-------- Entries shown --------

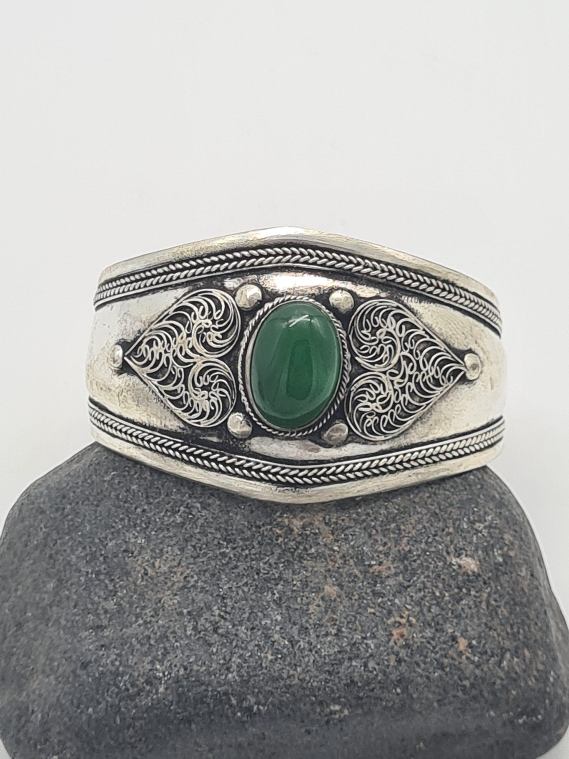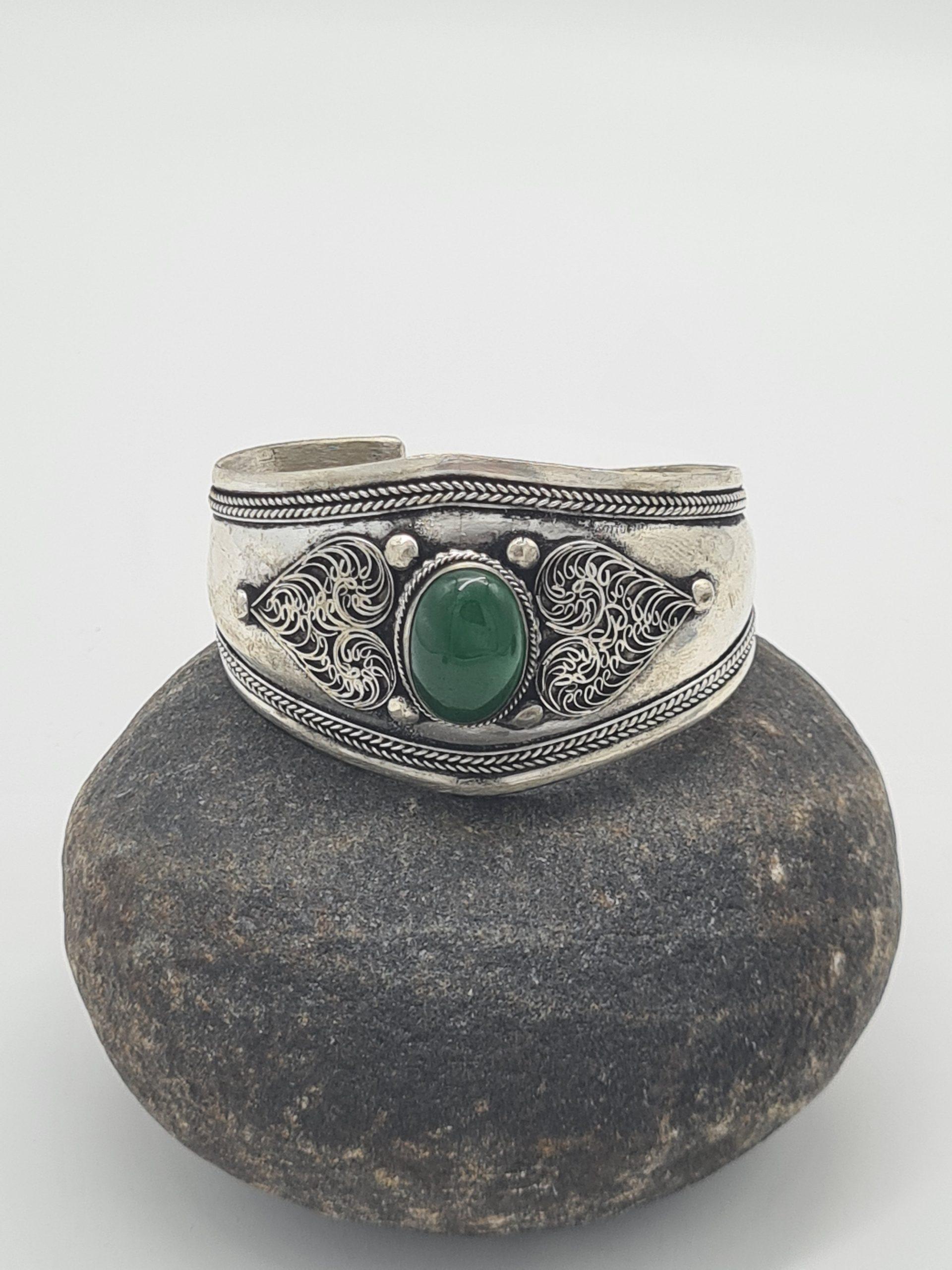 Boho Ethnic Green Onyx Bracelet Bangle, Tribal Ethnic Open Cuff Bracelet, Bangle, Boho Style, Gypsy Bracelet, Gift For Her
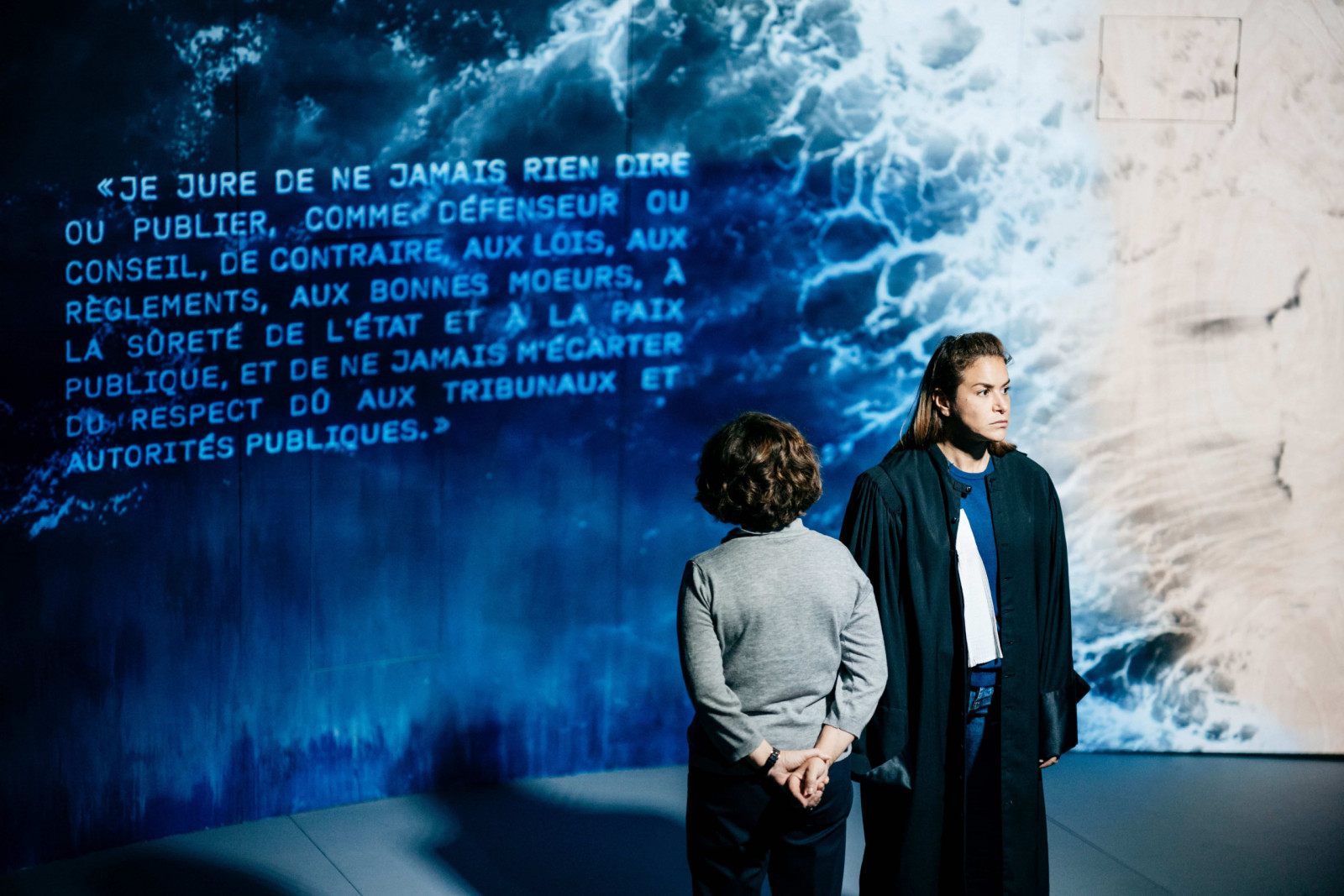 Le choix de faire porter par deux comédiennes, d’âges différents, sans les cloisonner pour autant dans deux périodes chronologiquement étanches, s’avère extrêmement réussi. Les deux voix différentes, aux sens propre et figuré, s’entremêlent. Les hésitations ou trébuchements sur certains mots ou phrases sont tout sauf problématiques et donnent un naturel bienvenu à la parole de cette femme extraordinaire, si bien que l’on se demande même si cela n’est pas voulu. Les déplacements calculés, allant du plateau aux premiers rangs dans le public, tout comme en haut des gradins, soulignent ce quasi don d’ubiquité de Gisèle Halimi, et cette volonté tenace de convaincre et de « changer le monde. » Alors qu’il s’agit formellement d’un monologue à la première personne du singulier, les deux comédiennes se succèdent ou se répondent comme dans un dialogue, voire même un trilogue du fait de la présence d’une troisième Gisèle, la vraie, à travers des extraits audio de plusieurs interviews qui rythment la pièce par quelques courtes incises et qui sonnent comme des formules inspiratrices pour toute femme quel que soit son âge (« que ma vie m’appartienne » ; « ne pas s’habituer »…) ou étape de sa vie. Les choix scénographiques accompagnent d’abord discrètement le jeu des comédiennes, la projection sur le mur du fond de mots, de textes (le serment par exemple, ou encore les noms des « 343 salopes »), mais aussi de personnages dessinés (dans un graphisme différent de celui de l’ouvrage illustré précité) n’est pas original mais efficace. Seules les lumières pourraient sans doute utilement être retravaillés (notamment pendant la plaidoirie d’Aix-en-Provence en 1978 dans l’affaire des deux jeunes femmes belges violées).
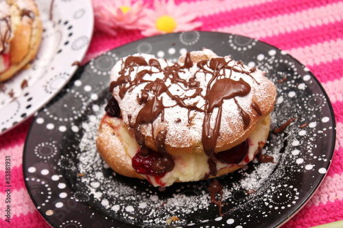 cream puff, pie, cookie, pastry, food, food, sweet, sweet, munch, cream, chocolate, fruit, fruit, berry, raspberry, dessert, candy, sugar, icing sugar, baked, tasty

--------
-------- Entries shown --------

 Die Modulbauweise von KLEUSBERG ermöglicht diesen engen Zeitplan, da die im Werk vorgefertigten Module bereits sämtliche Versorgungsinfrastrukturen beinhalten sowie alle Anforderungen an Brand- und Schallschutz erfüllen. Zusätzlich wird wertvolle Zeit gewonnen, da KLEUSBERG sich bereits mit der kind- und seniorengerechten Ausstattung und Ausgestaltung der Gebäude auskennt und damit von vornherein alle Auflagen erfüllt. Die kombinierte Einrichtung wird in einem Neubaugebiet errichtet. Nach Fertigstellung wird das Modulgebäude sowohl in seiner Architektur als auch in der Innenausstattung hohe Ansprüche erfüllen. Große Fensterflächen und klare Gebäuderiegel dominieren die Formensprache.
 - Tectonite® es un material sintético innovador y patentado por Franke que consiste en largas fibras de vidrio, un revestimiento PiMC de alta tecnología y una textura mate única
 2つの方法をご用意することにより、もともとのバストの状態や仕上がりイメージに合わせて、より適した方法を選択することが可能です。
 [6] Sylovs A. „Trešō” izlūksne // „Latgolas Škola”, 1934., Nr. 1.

--------

▶ **Task details**
Return exactly the lines above from the line that has "- Tectonite® es" through the line that has "[6] Sylovs A.", inclusive, and nothing else.

▶ **Response**
 - Tectonite® es un material sintético innovador y patentado por Franke que consiste en largas fibras de vidrio, un revestimiento PiMC de alta tecnología y una textura mate única
 2つの方法をご用意することにより、もともとのバストの状態や仕上がりイメージに合わせて、より適した方法を選択することが可能です。
 [6] Sylovs A. „Trešō” izlūksne // „Latgolas Škola”, 1934., Nr. 1.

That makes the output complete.